▶ _INPUT DATA_
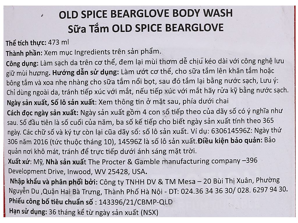 Sữa tắm Old Spice Bearglove 473ml
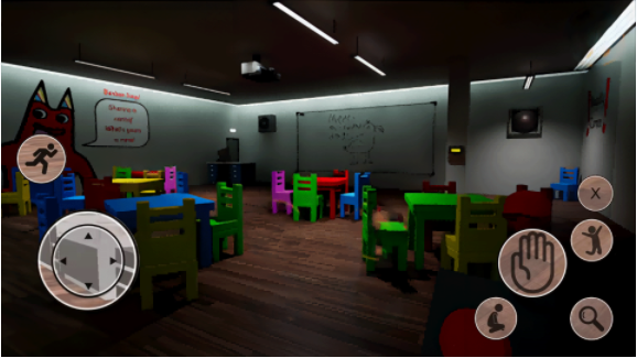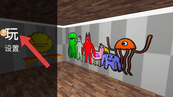 1、呈现卡通风格的室内场景,场景设计充满童趣与冒险氛围,玩家可通过点击【玩】进入游戏,体验与这些卡通角色相关的互动内容。
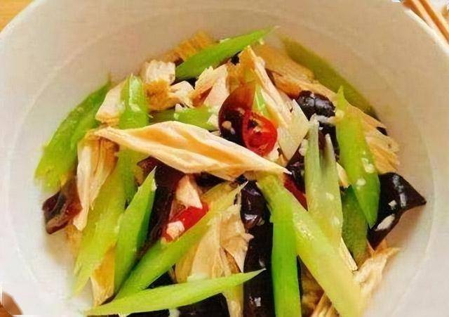 材料:腐竹、黑木耳、水芹菜、红椒、蒜、红椒、盐、油、鸡精。
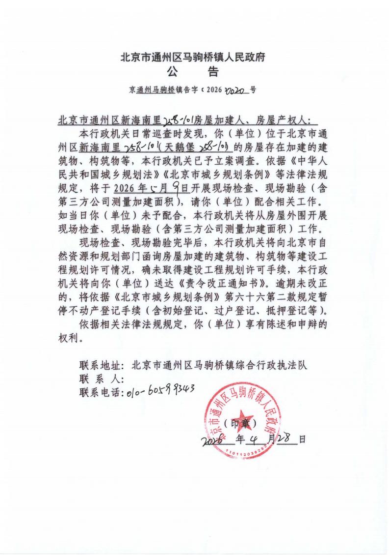 马驹桥镇人民政府关于通州区新海南里258-101房屋加建调查公告(京通州马驹桥镇告字〔2026〕0020号)

▶ _INSTRUCTIONS FOR THE TASK_
Top to bottom, retype the listing exactly but drop every picture.

▶ _SOLUTION_
 Sữa tắm Old Spice Bearglove 473ml
 1、呈现卡通风格的室内场景,场景设计充满童趣与冒险氛围,玩家可通过点击【玩】进入游戏,体验与这些卡通角色相关的互动内容。
 材料:腐竹、黑木耳、水芹菜、红椒、蒜、红椒、盐、油、鸡精。
 马驹桥镇人民政府关于通州区新海南里258-101房屋加建调查公告(京通州马驹桥镇告字〔2026〕0020号)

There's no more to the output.